Densho Digital Archive
Densho Visual History Collection
Title: Charles Z. Smith Interview
Narrator: Charles Z. Smith
Interviewer: Tom Ikeda
Location: Seattle, Washington
Date: August 13, 2004
Densho ID: denshovh-scharles-01-0014

<Begin Segment 14>

TI: Well, so I'm curious; with Ike, Ike was incarcerated during World War II. Did he ever share that with you?

CS: No.

TI: And so when did you find out that this had happened to Japanese Americans?

CS: Oh... [pauses] you know, I can't, I can't remember how it was that I learned it, and I didn't learn it... I think I learned it from reading, but I became aware of the fact that there was a dichotomy between the Chinese Americans and the Japanese Americans, and some unstated and sometimes stated antagonism between Chinese Americans and Japanese Americans in Seattle. And I remember seeing photographs of shops run by Chinese Americans that said, "We're not Japanese," and that kind of thing. And somehow or the other, my curiosity about that came into focus around 1952. And the, with respect to the incarceration experience... you know, I really don't know. I don't know when I first became intentionally aware. But when the commission report came out, it was not news to me, because I already knew all those things. When I was president of the American Baptist Churches, for example, I got our general board to pass a resolution condemning the incarceration. So that was some years later, in the '70s, but I just don't know. But it -- and this is not a true answer, but it seems that I always knew it. But the question is, when did I know it, and I could never under oath say, "I became aware of it at this time," or, "I became aware of it through this process."

TI: How about just recollections? Because you're well-known in the Japanese American community with people like Ike and others, at points did people just sort of share their stories of what, what happened to them? Or did they avoid telling you? I'm curious, sort of, because you're, you're outside the Japanese American community, and I'm just curious how people within the community communicated what happened to outsiders.

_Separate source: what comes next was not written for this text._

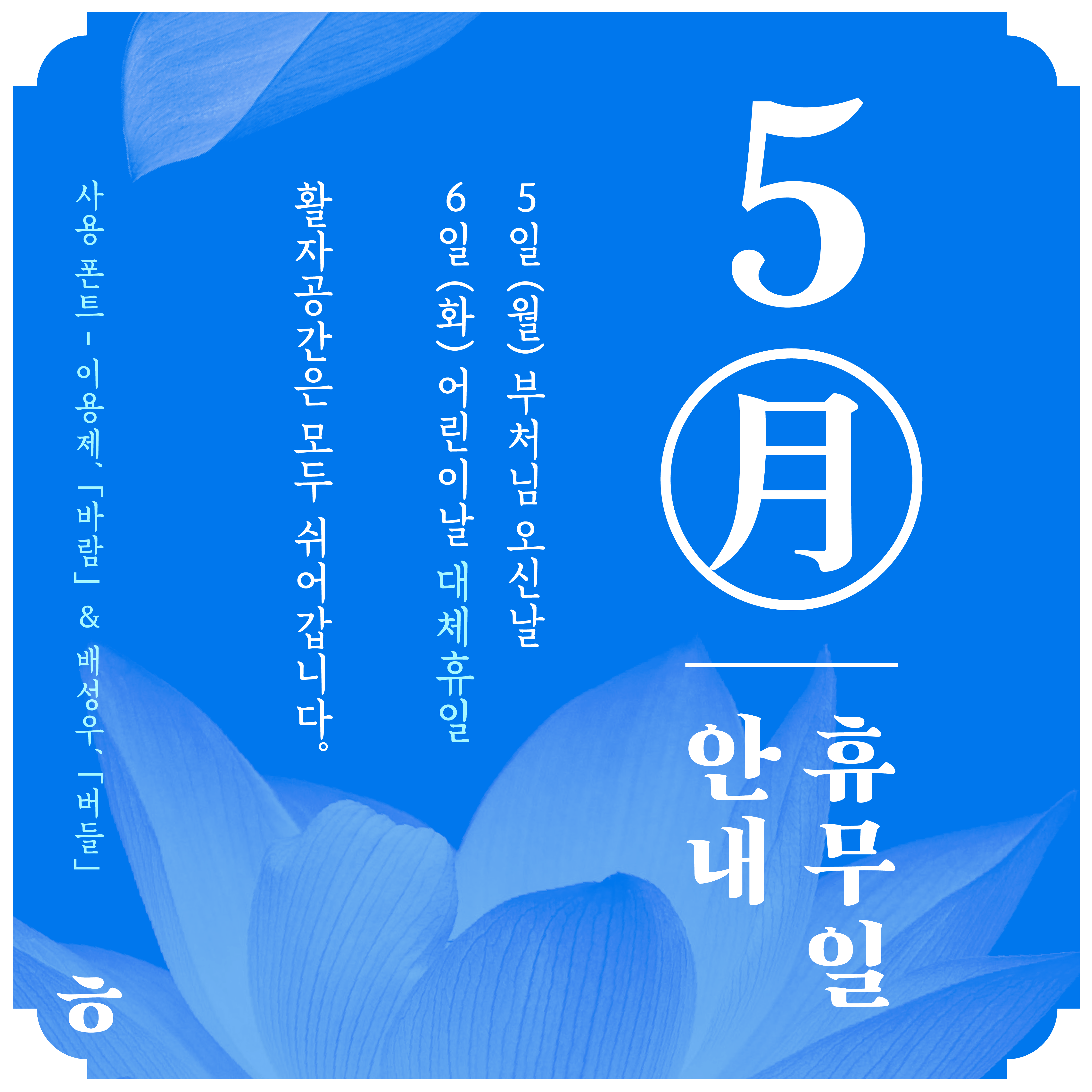 활자공간의 5월 휴무일 운영을 알려드립니다.

CS: In the Nikkei culture, you may be aware, there is a reticence to talk about unpleasant experiences. And while I was on the board of the Seattle chapter of the Japanese American Citizens League for a number of years, I never... I do not remember ever hearing persons talking about the incarceration experience until we got into redress, which was opening another chapter. So I was aware of, for example, Reverend Emery Andrews, who was the non-Japanese minister of the Japanese Baptist Church, who was dearly loved by the Nikkei community in Seattle, because among other things, he would make weekly trips to Minidoka to stay in touch with his friends and parishioners, and other residents of Seattle who were in that concentration camp. And so I began to get little bits of information through that process, to the point at which I would be nervy enough to ask my Nikkei friends, "Were you in a concentration camp? Which one?" And I was able to identify all the camps. I knew where they were located and all of these other things. And it all came into focus, however, when the Commission on Wartime Relocation issued its report, which is a comprehensive report on the relocation experience. But again, I learned through the testimony before the commission -- I was not on the commission, but I attended all the hearings here in Seattle -- I learned of experiences that some of my friends had had for the first time in those hearings. And later on, of course, when we got involved in the redress movement, everything came into focus and that was the beginning of my intense knowledge of what actually happened. And we had what was called Days of Remembrance, the first time at the staging grounds in Puyallup, that was where the logo with the barbed wire was first used.

TI: Right, that's the Frank Fujii...

CS: Frank Fujii did it.

TI: Did that one.

CS: Right, and I am the proud owner of an original copy of that. [Laughs] It's a print, but it's, it's a framed print. But I attended and participated in the first Days of Remembrance at Puyallup. And so these things began to churn inside, intellectually and emotionally, to the point at which you began to look into it and see what actually happened and how a government could do such terrible things to a part of its population, and the idea of literally imprisoning. And whatever euphemism they may use, "internment camps," I call them "concentration camps," and they were imprisoned and the staging grounds, stables, fairgrounds and stables, things like that, throughout the area, and how they applied the law simply by a person's appearance, by the name that they had, and with nothing, nothing more than that. And not every person of Japanese ancestry was in the prison camps. I have friends who went to Chicago, for example, and people living in Chicago were not in the camps. But again, all of this is to say that as you put together little bits of conversations, and little bits of reading, and you begin to determine what actually happened, I think Michi Weglyn's book, (Years) of Infamy, was probably the most intense reading experience I had about the incarceration experience. And when you put all the things that have been written together, you get a pretty good idea of what actually happened, and then when you reach the stage where I am, where you have no hesitancy to ask one of your friends what their experience was, and you get their reaction to their experience, then you know that this is not a figment of someone's imagination. You know that this actually happened. And so some of this information I learned through my affiliation with the Japanese American Citizens League, but not all of it. It was just a platform where we had common goals and common interests, but it was not a platform on which people were able to express their rage and anger over the experience they had had.